Now globally renowned, the project has not only led the DIY sewerage projects which continue to expand to this day, but has built a network to manage a plethora of programmes that range from micro credit to water supply, to women’s savings schemes.
OPP’s director Saleem Aleemuddin told the Thomson Reuters Foundation that when activists began working in the area in 1980, the lack of sanitation was the most “obvious” and “problematic” area for residents.
While it took the OPP around six months to convince local residents to invest and pay for the installation of the first sewerage line on their street, it was not long before people were taking their lead and organising themselves.
“Since the government gets almost nothing in revenue from the slum, it therefore pays the least interest to its developments too,” Aleemuddin said.
“In fact, people in the town now consider the streets as part of their homes because they have invested in them and that’s why they maintain and clean the sewers too.”
Nearly three decades on, the OPP has not only managed to ensure that more than 90 % of Orangi Town’s nearly 8,000 streets and lanes have sewer pipes — all installed by residents — but has developed a network of collaborators drawing in skills from a wide variety of other non-government organisations.
Training to map and document drainage channels is provided to young people as are programmes that equip community architects, technicians and surveyors to work in the area.
So far, say OPP activists, around 553 of the more than 2,700 Orangi Town settlements are documented.
To date, according to OPP statistics, 96% of the settlement’s 112,562 households have latrines, with residents footing the total bill for the sewage system of Rs132,026,807. 
In Gulshan-el-Zia, Javed and her neighbours decided that to kick-start their works, they needed to choose one person to lead the project and nominated 28-year-old Saleem Khan.
He will not only take charge of planning but will collect residents’ money and contributions for their new sewer and pipeline.
Khan will then work closely with OPP specialists who provide local communities with expert design advice, as well as the technical and engineering support to install the new system.

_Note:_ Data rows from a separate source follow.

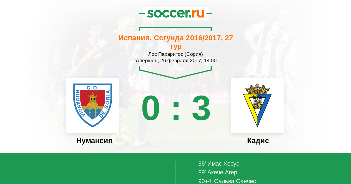 Нумансия - Кадис: обзор матча 26 февраля 2017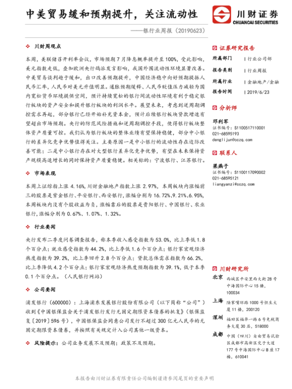 【川财证券】【20190623】银行业周报:中美贸易缓和预期提升,关注流动性-12页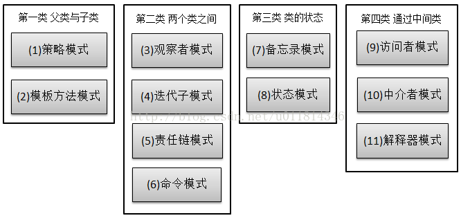 行为型模式,共十一种:策略模式、模板方法模式、观察者模式、迭代子模式、责任链模式、命令模式、备忘录模式、状态模式、访问者模式、中介者模式、解释器模式。这11中模式的关系:第一类:通过父类与子类的关系进行实现。第二类:两个类之间。第三类:类的状态。第四类:通过中间类

“I am sacrificing my time and energy to clean my street of the wastewater and protect people from diseases,” Khan said.
“It isn’t an easy job but I hope to get it done in the next couple of weeks with the co-operation and trust of the neighbours.”

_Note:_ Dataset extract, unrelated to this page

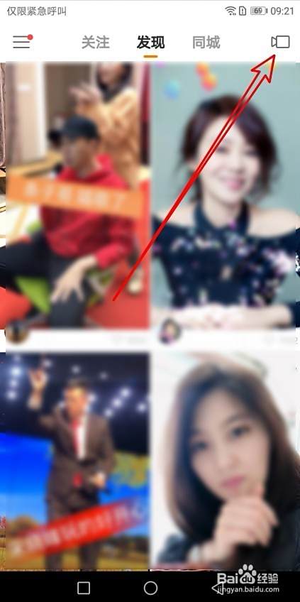 在打开的快手主界面,点击右上角的“拍摄视频”按钮。

Each household plans to share the total cost of Rs65,679 for materials to build the pipeline, which will service the entire street.
Everyone in the family chips in to do the digging and laying work, including women and children.
With just a handful of local schools, most families cannot afford transport costs out of the slum and many young people work with their parents earning meagre incomes from small businesses like weaving and embroidery.
Residents don’t just pay for the installation of the pipes, however, they also take responsibility for their maintenance.
Khan told the Thomson Reuters Foundation that manholes are to be installed at 30 foot intervals along the street to ensure residents have easy access to connections and can also monitor and maintain their pipes themselves.